HOW A MOTOR NEURON WINS THE COMPETITION

 

 

In the adult mammals each motor neuron innervates one or more muscle fibre-cells (motor units), although during prenatal life things are quite different. The immature neuromuscular junction receives inputs from several motor neurons, but these are gradually whittled away during early post-natal life, so that each muscle fibre-cell receives the axon by a single neuron. Two new studies investigated what determines which input will escape elimination and if the competition is mediated by local factors at the neuro-muscular junction level, or by some global property of the motor neuron (Kasturi N. & Lichtman J.W. The role of neuronal identity in synaptic competition. Nature 424, 426-430, 2003; Buffelli M. et al. genetic evidence that relative synaptic efficacy biases the outcome of synaptic competition.
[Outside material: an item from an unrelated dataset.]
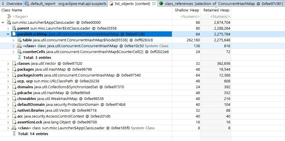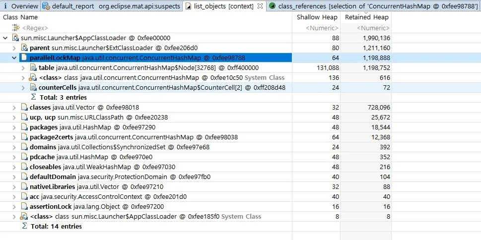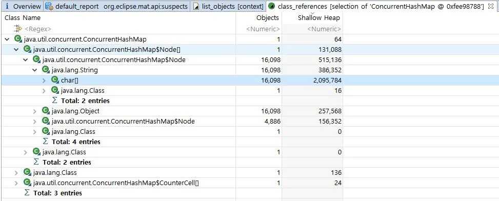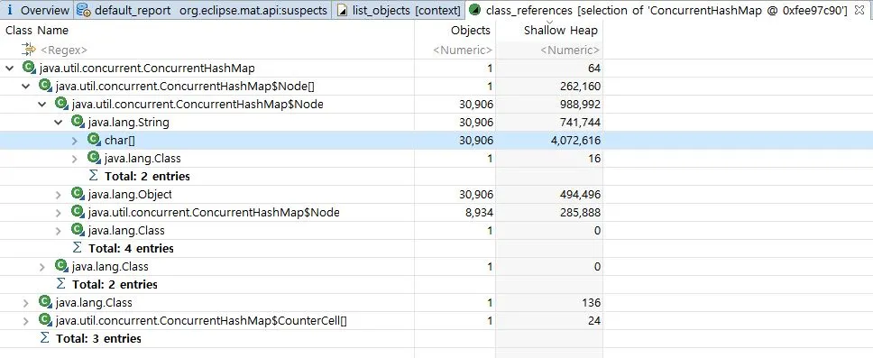 Heapdump분석을 통해서도 알수 있듯이, 3번째 예상원인이 ConcurrentHashMap에 저장된 String이라고 지목하고 있음을 알수 있습니다.

Nature 424, 430-434, 2003).

Kasthuri and Lichtman demonstrated that as a motor neuron won the first competition could also beat the competitor at all the other neuromuscular junctions that were co-innervated by these two neurons. It would be interesting to study a competition among three neurons.

Which is the decisive factor in the competition? Buffelli and his colleagues showed that synaptic efficacy might be such a factor.

Since Kasthuri and Lichtman showed that the ranking of a motor neuron in the competitive hierarchy was inversely proportional to the size of its axonal tree, the findings of the two works might imply that each motor neuron has a finite supply of neurotransmitter, which is spread more thinly as the size of the motor neuron increases.

Further studies are needed to establish if natural variations in neurotransmission are sufficient to drive the competition or whether factors distributed in motor neurons are required.